> What you have to do: From the records below, output exactly the lines starting at the line with "High Quality Practical" and ending at the line with "(5)在后台静默场景中,个人", both of them included, but no pictures.

**** Supplied data ****

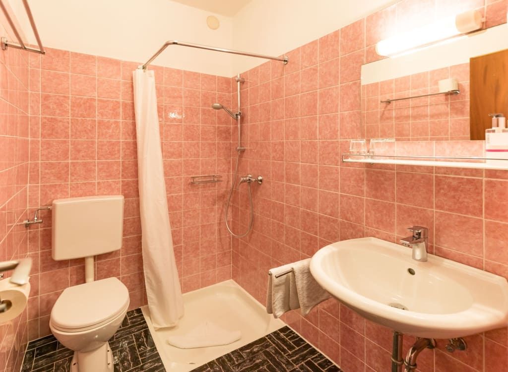 • Doppelzimmer mit Dusche und WC, mit Balkon und Gartenblick
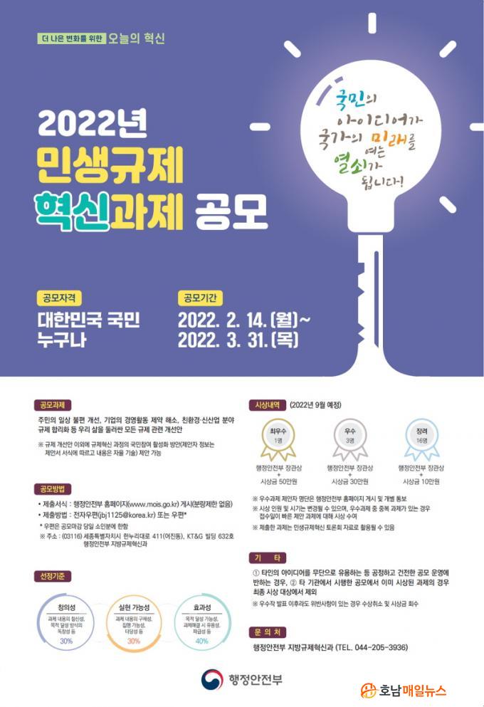 À̹ø °ø¸ðÀüÀº ½Ã¹ÎÀÇ ÀÏ»ó»ýȰÀ̳ª ±â¾÷ÀÇ °æ¿µÈ°µ¿¿¡ ºÒÆíÀ» ÁÖ´Â ºÒÇÕ¸®ÇÑ ±ÔÁ¦¸¦ ¹ß±¼Çϰí ÇØ¼ÒÇϱâ À§ÇØ ¡®±¹¹ÎÀÇ ¾ÆÀ̵ð¾î°¡ ±¹°¡ÀÇ ¹Ì·¡¸¦ ¿©´Â ¿¼è°¡ µË´Ï´Ù¡¯´Â ÁÖÁ¦·Î ¿À´Â 3¿ù 31ÀϱîÁö ÁøÇàµÈ´Ù.
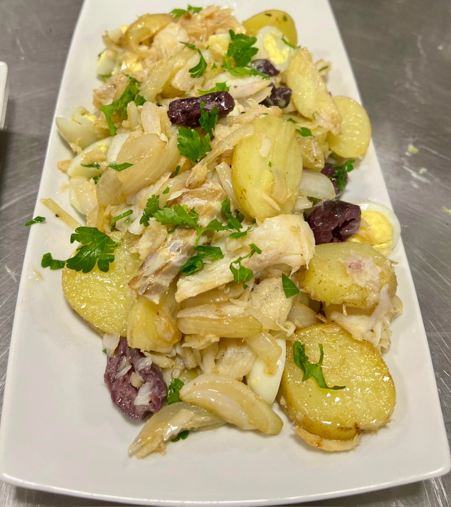 Cortar as cebolas em pétalas e refogar no azeite de oliva. Acrescentar o alho, o bacalhau em lascas e as batatas cozidas. Acertar o sal e finalizar com as azeitonas, ovos cozidos e salsa picada.
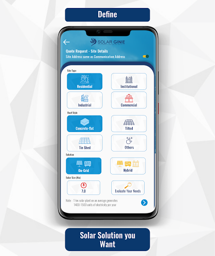 Solar Ginie acts as a marketplace wherein Customers and Implementers can do business using a Digital Cloud based mobile platform. Its focus is towards
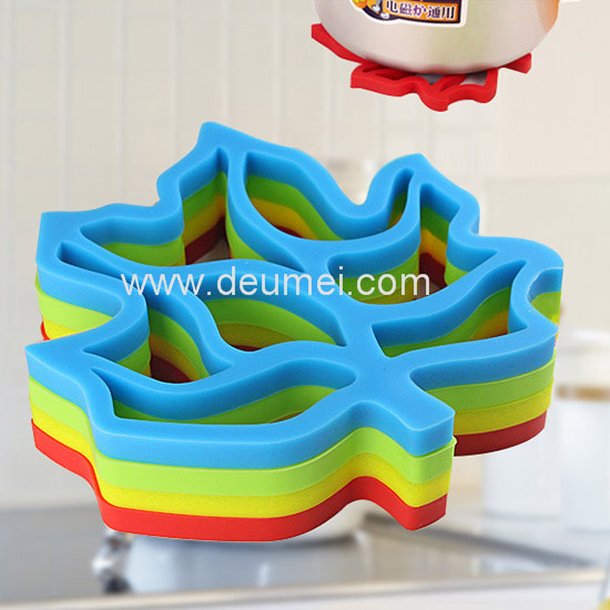 High Quality Practical Creative Insulation Silicone Maple Leaf shape Green Color Table mat Images |
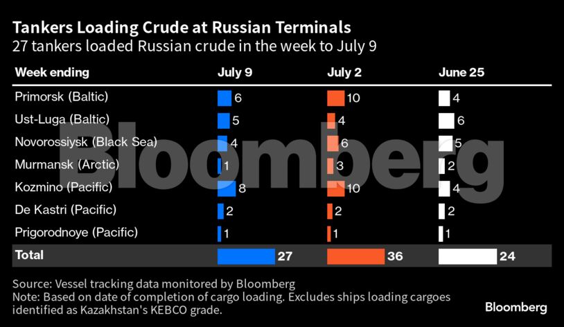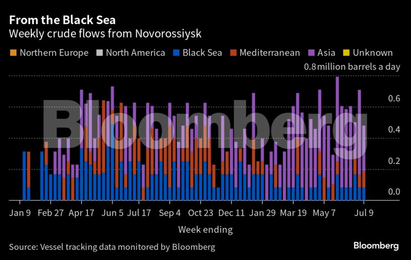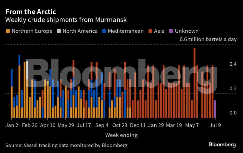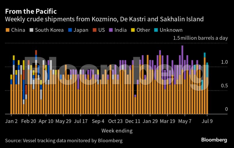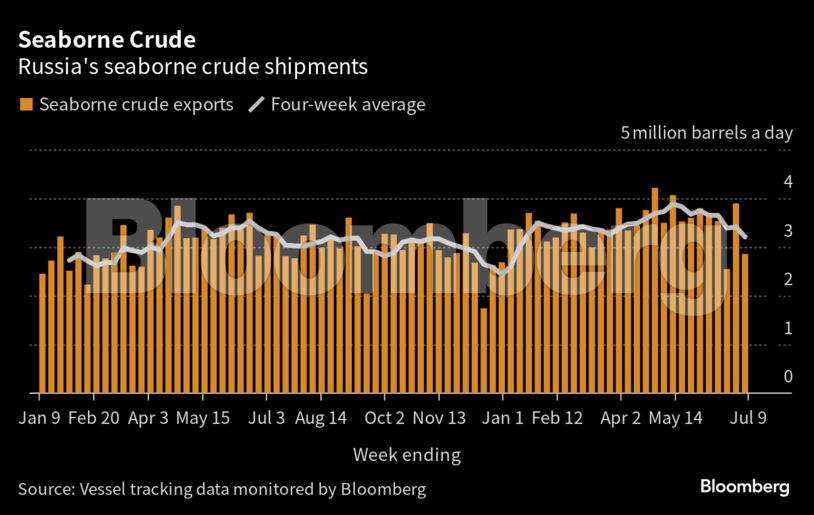 Ο μέσος όρος τεσσάρων εβδομάδων προς τους ασιατικούς πελάτες της Ρωσίας και των πλοίων τα οποία δεν έχουν δηλώσει τελικό προορισμό μειώθηκε στα 2,93 εκατ. βαρέλια/ημέρα την περίοδο μέχρι την 9η Ιουλίου, από τα 3,13 εκατ. βαρέλια/ημέρα της προηγούμενης εβδομάδας.
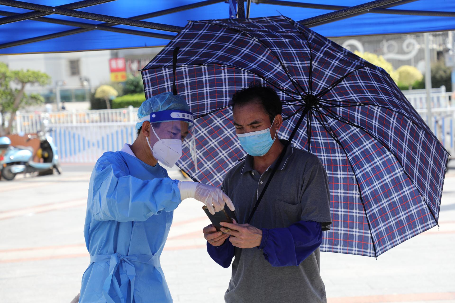 采樣點工作人員查驗“三碼”
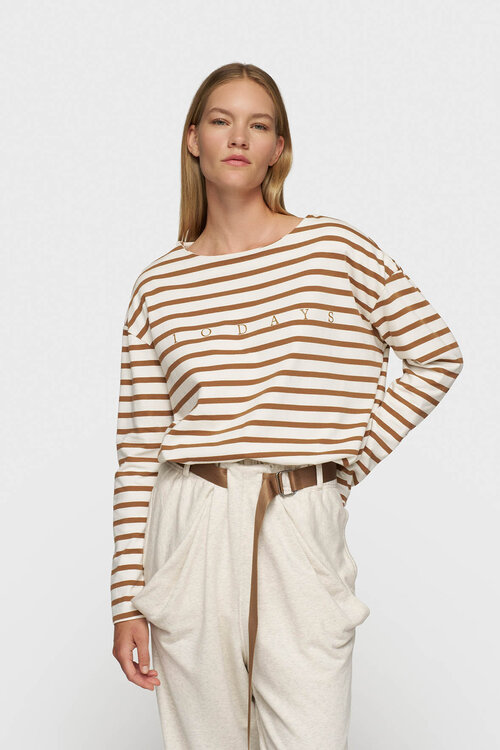 10DAYS Boat Neck Top Stripes – ecru/suede
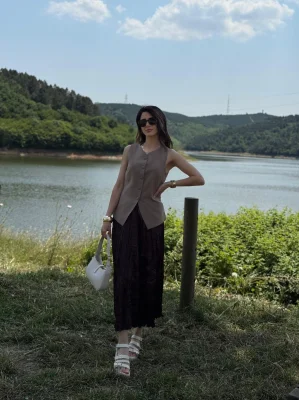 Kahverengi Krep Saten Etek
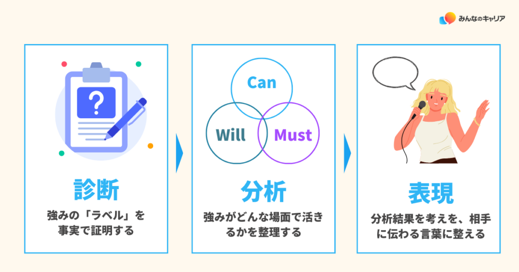 この3つの視点で分けて考えると、自分の強みを企業ごとにどう伝えるかが整理しやすくなります。
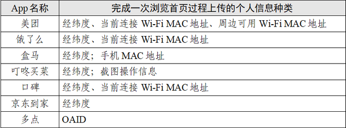 (5)在后台静默场景中,个人信息上传种类最多的为美团和盒马(均为2类)。具体情况如表11。
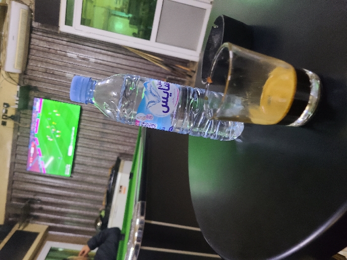 This image depicts the interior of a commercial establishment, likely a cafe or billiards hall, characteristic of those found in Fez, Morocco. In the immediate foreground, a round, black table is visible. On this table sits a clear plastic bottle of Ain Saiss mineral water, approximately half full, with a light blue screw cap. To its right, a clear glass contains a shot of espresso with a distinct layer of crema on top. Behind the espresso glass, a black ashtray, partially obscured, is present. In the midground, to the left, a green-felted billiard or pool table is positioned. A person, whose upper body is partially visible from behind, wearing a dark jacket, is seated or standing near this table, with their left arm resting on its edge. The background features a wall-mounted flat-screen television displaying a live football (soccer) match on a green pitch, with players in yellow and purple kits visible. The wall behind the television and billiard table is covered in vertical, light brown striped paneling or wallpaper. An air conditioning unit is mounted high on this wall, above the television. To the far right, a white doorframe with a translucent or frosted glass panel reflects a green hue, and several wooden billiard cues are propped vertically against the wall adjacent to it.
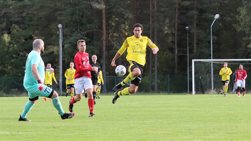 I söndags skrevs det historia på Gruveredsvallen när herrlaget tog tre viktiga poäng i drabbningen mot Norrahammar. Klubbens bäste målskytt genom tiderna, Jimmy Lindberg, nådde en häftig milstople när han satte 4-1 i matchminut 86'. Det innebar mål nummer 200 för klubben. I årets upplaga av division 5 har 32-årige Jimmy Lindberg varit lysande. Av Mullsjös totalt 41 mål har Jimmy gjort gjort 25 av dessa. Det räcker just nu till en andraplats i skytteligan. Men med två matcher kvar att spela så ser det onekligen ut som Mullsjös formstarke anfallare har goda möjligheter att nå toppen av den statistiken. Foto: Carl Cedergren.
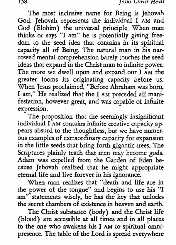 The most inclusive name for Being is Jehovah God. Jehovah represents the individual I AM and God (Elohim) the universal Principle. When man thinks or says "I am" he is potentially giving freedom to the seed ideas that contains in its spiritual capacity all of Being. The natural man in his narrowed mental comprehension barely touches the seed ideas that expand in the Christ man to infinite power. The more we dwell upon and expand our I AM the greater looms its originating capacity before us. When Jesus proclaimed, "Before Abraham was born, I am," He realized that the I AM preceded all manifestation, however great, and was capable of infinite expression.
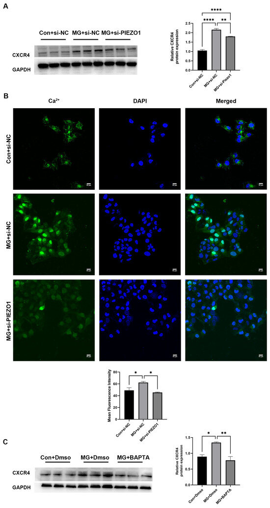 Total protein was extracted from cells using RIPA buffer (NCM Biotech, Suzhou, China) supplemented with 1 mM phosphatase inhibitor cocktail on ice. Protein concentration was measured with the BCA assay (Beyotime, Shanghai, China). The total protein samples were boiled with loading buffer (Bio-Rad, CA, USA) for 10 min. Following this, the samples were subjected to sodium dodecyl sulfate-polyacrylamide gel electrophoresis (SDS-PAGE) separation and then transferred onto a 0.45 μm polyvinylidene fluoride (PVDF) membrane. The membranes were blocked with 5% non-fat milk in a Tris-buffered saline-Tween 20 (TBST) solution at room temperature for 2 h. After blocking, membranes were incubated with the following primary antibodies: anti-PIEZO1 (1:1000, Abcam, Cambridge, UK, ab259949) and CXCR4 (1:1000, Abcam, Cambridge, UK, ab124824) and anti-GAPDH (1:2000, Zhuangzhi Biology, Xian, China, NC021), overnight at 4 °C to allow for antibody binding. The membranes were incubated with horseradish peroxidase (HRP)-conjugated secondary antibody for 1 h at room temperature. Protein bands were detected using an enhanced chemiluminescence (Millipore, Danvers, MA, USA). The band intensity was quantified with ImageJ (https://imagej.nih.gov/ij/index.html, accessed on 25 June 2024) and normalized to GAPDH as a loading control.
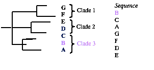 shortest branch is placed first (taxon B, clade 3). Then, the clade with

****

> Task output:
 High Quality Practical Creative Insulation Silicone Maple Leaf shape Green Color Table mat Images |
 Ο μέσος όρος τεσσάρων εβδομάδων προς τους ασιατικούς πελάτες της Ρωσίας και των πλοίων τα οποία δεν έχουν δηλώσει τελικό προορισμό μειώθηκε στα 2,93 εκατ. βαρέλια/ημέρα την περίοδο μέχρι την 9η Ιουλίου, από τα 3,13 εκατ. βαρέλια/ημέρα της προηγούμενης εβδομάδας.
 采樣點工作人員查驗“三碼”
 10DAYS Boat Neck Top Stripes – ecru/suede
 Kahverengi Krep Saten Etek
 この3つの視点で分けて考えると、自分の強みを企業ごとにどう伝えるかが整理しやすくなります。
 (5)在后台静默场景中,个人信息上传种类最多的为美团和盒马(均为2类)。具体情况如表11。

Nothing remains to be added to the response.